# cheap propane conversion



## crazzywolfie (Jun 2, 2014)

well the discussion about propane snowblower definitely got me interested but the price tag i was seeing associated with some kits were stupid expensive until i looked around and noticed a lot cheaper cheaper kit. has anyone tried one? i ordered 1 last week and it showed up today which really surprised me since it came all the way from china. there seems like a few video of people running this style carb on generators and really not much of a difference between generators and snowblowers. i am hoping to try getting the carb on as soon as possible but the snowblower i want to put the carb on is currently glued to the ground with ice and buried under snow since i haven't used it this season since it is a pain to start since i broke the choke on it. the plug also likes to foul up or something ever since i changed the plug. i don't see how a different plug causes it to change how the engine runs but it did which is why i am hoping propane may help fix this issue. as far as carb quality goes looks like anything anything you would order from china for cheap. some scuffs and dings on mating surfaces but nothing that should stop it from working. since i will be running this one a small 20" machine i was thinking about probably just powering it with little tanks since a 20lb tank might be a bit much to toss on a small machine. i am open to any tips or advise people maybe have.


----------



## tabora (Mar 1, 2017)

You may need a larger tank in order to generate sufficient gas at very low temps.
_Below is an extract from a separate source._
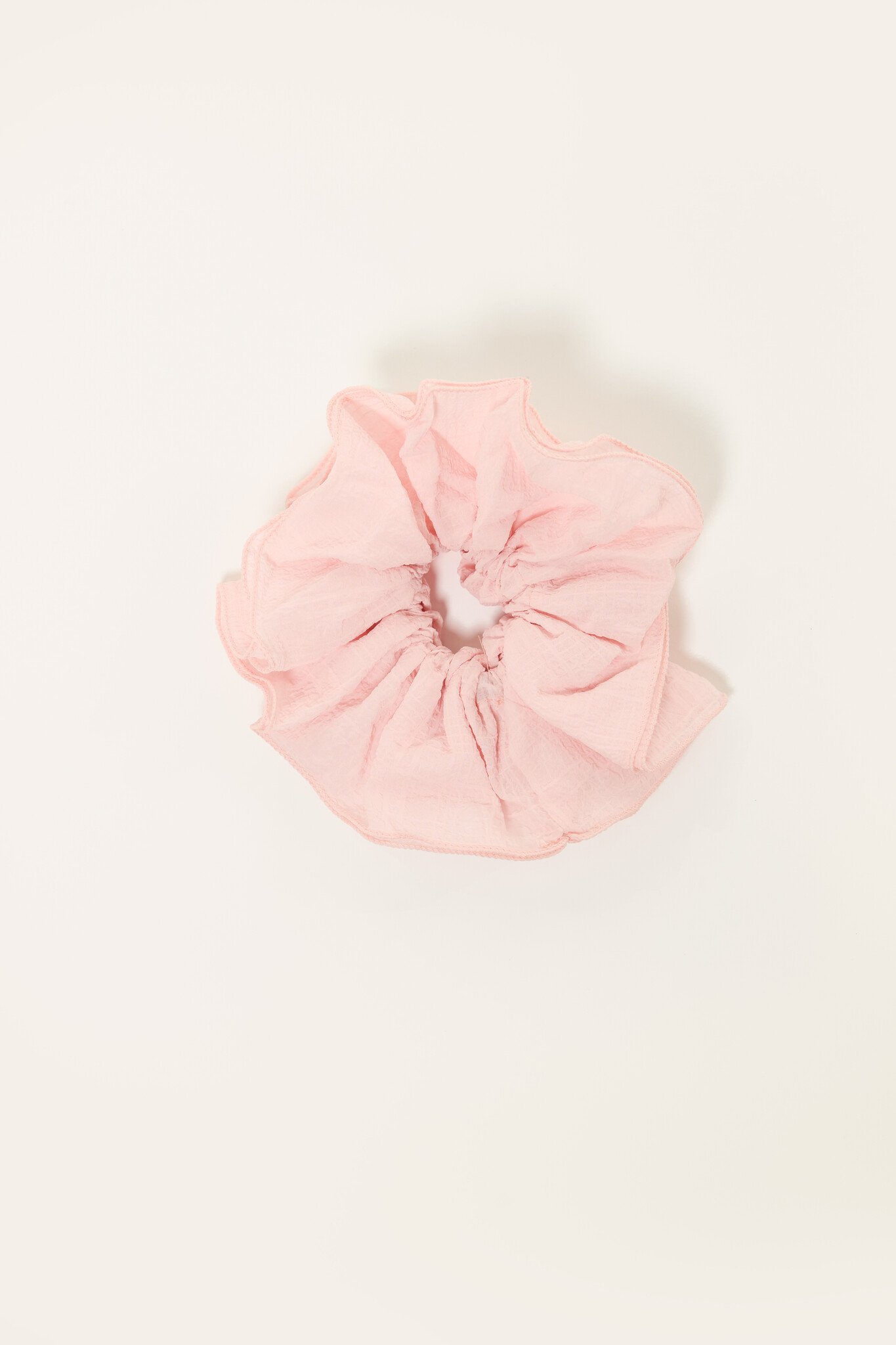 Deze oversized scrunchie in lichtroze is het perfecte accessoire om je haar en je outfit net wat extra te geven. De grote scrunchie zorgt voor een speelse en trendy uitstraling en maakt je outfit meteen af. Draag de roze scrunchie in een staart, bun of om je pols als accessoire. De oversized haar scrunchie is makkelijk te combineren en geeft elke look een zachte en stijlvolle touch.

Will be interesting to see the outcome!

Propane vapor pressure at 70F = 127 and at 0F is only 31. Also see the Propane Cold Weather BTU chart below...


----------



## crazzywolfie (Jun 2, 2014)

i was thinking i will probably need take the tanks in to keep them warm when not in use since they will be so small but really wanting to keep the blower light weight and a 20lb tank will not help its weight. i would really like to get this machine back up and running as my main machine to snow blow other peoples driveways since it was so lite and i never needed my ramps to load or unload it but i guess we will see what happens.


----------



## Lottstodo (Feb 16, 2018)

You may be able to find a 5# or 11# propane tank we have them around here. I have both a 5 and 11 they are common for hunters and ice fishing shacks, you just need to take them to have filled at a propane dealer.


----------



## cranman (Jan 23, 2016)

Is that a dual fuel carb?


----------



## crazzywolfie (Jun 2, 2014)

ya it it one of them dual fuel carbs. 


Lottstodo said:


> You may be able to find a 5# or 11# propane tank we have them around here. I have both a 5 and 11 they are common for hunters and ice fishing shacks, you just need to take them to have filled at a propane dealer.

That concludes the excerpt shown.